Among Masamoto’s featured knives is the HC Series, a collection of high quality Japanese carbon steel chef knives. The blades of these knives consist of pure Japanese carbon steel that is extremely hard. By a skilled smith, these blades can be made into extremely sharp-edged cutting knives. Due to the hardness of the material, the knives can retain their sharpness in a much longer time. HC series Masamoto knives come with a Black Pakkawood handle and with solid bolster. The only problem with these knives is their vulnerability to rust when not used or not properly taken care of. However, despite this, professional chefs still prefer using HC series especially for cutting jobs that require longer retention of sharpness.

The ST series is a collection of high carbon stainless steel western style chefs’ knives.

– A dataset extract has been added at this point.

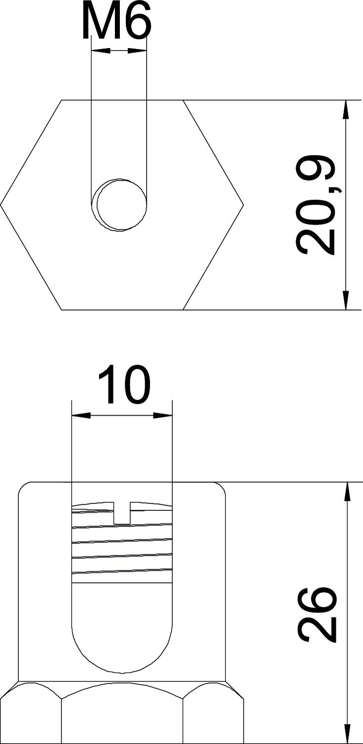 CO2 Footprint (GWP) Cradle-to-Gate 0,1191 kg CO2e / 1 Piece Colour Brass Cross-section 75 mm² Dimension 25-75mm² Dimension L 26 mm Dimension l 10 mm Maintain electrical functions no Material Brass Rustproof steel, pickled no Suitable for cable ladder yes Suitable for cable tray yes Suitable for mesh cable tray no Thread M6 WAF 21 With screw accessories no - All types

The blades are an alloy of carbon, molybdenum, chrome, vanadium, and iron forged in extreme heat and quenched into sub-zero Rockwell hardness with HRC 58 for toughness and long lasting edge retention capacity. This line of knives also comes with full tang handles that are permanently riveted with black wood and welded with a solid bolster that adds water and bacteria resistance to the knives. These knives are particularly a choice for those who do not want their knives to get rusted even when not used or put in a damp corner for a long time.

The KS Series is a top-notch among Masamoto sushi knives. These knives are made from forging traditional steel cutting edge of Hitachi steel (Shiro Ko) paired with iron to achieve a very efficient cutting machine. Its handle is made of traditional Japanese Magnolia wood with water buffalo bolster. What is special about these blades is in the way they are sharpened. The blades are sharpened using the “Hon Kasumi” way. “Hon” is a Japanese word which means “real”, while “kasumi” means “mist”. Thus, a blade sharpened the hon kasumi way has a mist-like pattern on it. Unlike the other Masamoto blades, KS Series knives are sharpened, polished, and finished only by the most skilled workers.

Whether you are a professional sushi or sashimi chef or just trying it out for the first time, the Japanese knives you use can make the difference between gourmet and average sushi.